Le snesip cfe-cgc pour la branche animation

Restructuration des Branches 1

24 oct 2016 à 09h31
Ecouter les acteurs de terrain et pas les technocrates, seul gage de réussite !
Dans le cadre de la sous-commission de la CNNC sur la restructuration des branches du 20 octobre, sous la présidence exceptionnelle de Myriam El Khomri, la CFE-CGC a rappelé son attachement au dialogue social de branche.
Si la branche est le lieu le plus approprié pour assurer un socle économique et social cohérent, c’est notamment par sa capacité à produire les études nécessaires à la mise en œuvre de politiques bénéficiant tant aux entreprises qu’à ses salariés.
Le contrat d’étude prospectif (avec la contribution de l’État), les travaux des observatoires des métiers et enquêtes de branche contribuent, par exemple, à définir la politique emploi et formation, à mettre en adéquation besoins de compétences et offres de formation.

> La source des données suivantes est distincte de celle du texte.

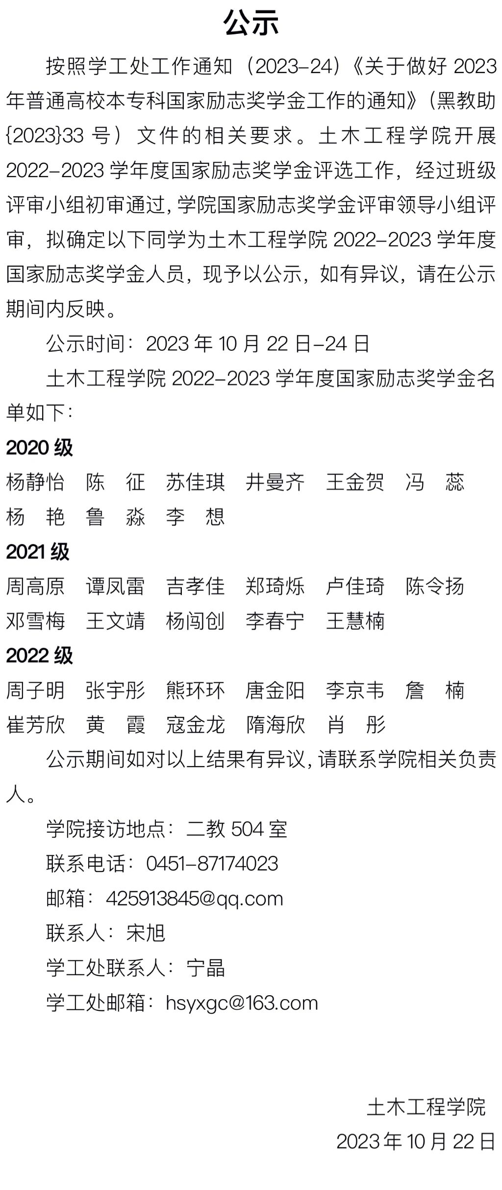 我院2022-2023学年度国家励志奖学金评选结果公示

Le bon fonctionnement du paritarisme au niveau de la branche, n’en déplaise à ses détracteurs, apporte des solutions «gagnant-gagnant» car il est mis en œuvre par ceux qui connaissent les problématiques du « cœur de métier ».
 

 

 

 
 
La CFE-CGC est donc mobilisée pour un rapprochement des branches mais pas de n’importe quelle manière, celle-ci devant se faire impérativement par ces acteurs de terrain. La CFE-CGC est ainsi totalement opposée à une décision finale administrative par l’État en cas d’échec des négociations. La suppression et la fusion de branches ne doivent se faire qu’après un temps préalable d’appropriation et par voie de négociation.
La CFE-CGC est volontaire pour travailler aux restructurations intelligentes basées sur la proximité des métiers, assurant une amélioration des droits des salariés et une recherche de synergie.
Il faut en outre impérativement, comme le demande la CFE-CGC depuis le départ, s’interroger sur le pourquoi du non fonctionnement de certaines branches. Seuls le niveau de fonctionnement du dialogue social et le partage de problématiques métier doivent guider la réflexion de rapprochement de conventions collectives. De ce fait, le seuil des 5 000 salariés comme critère proposé dans le projet de décret n’a aucun sens.
La CFE-CGC demande enfin que soit abordée la problématique des moyens permettant une participation effective et efficace de tous au dialogue social de branche. La capacité de libérer les représentants des employeurs et des salariés, d’assurer leur montée en compétence, est un élément majeur de la réussite de la restructuration des branches.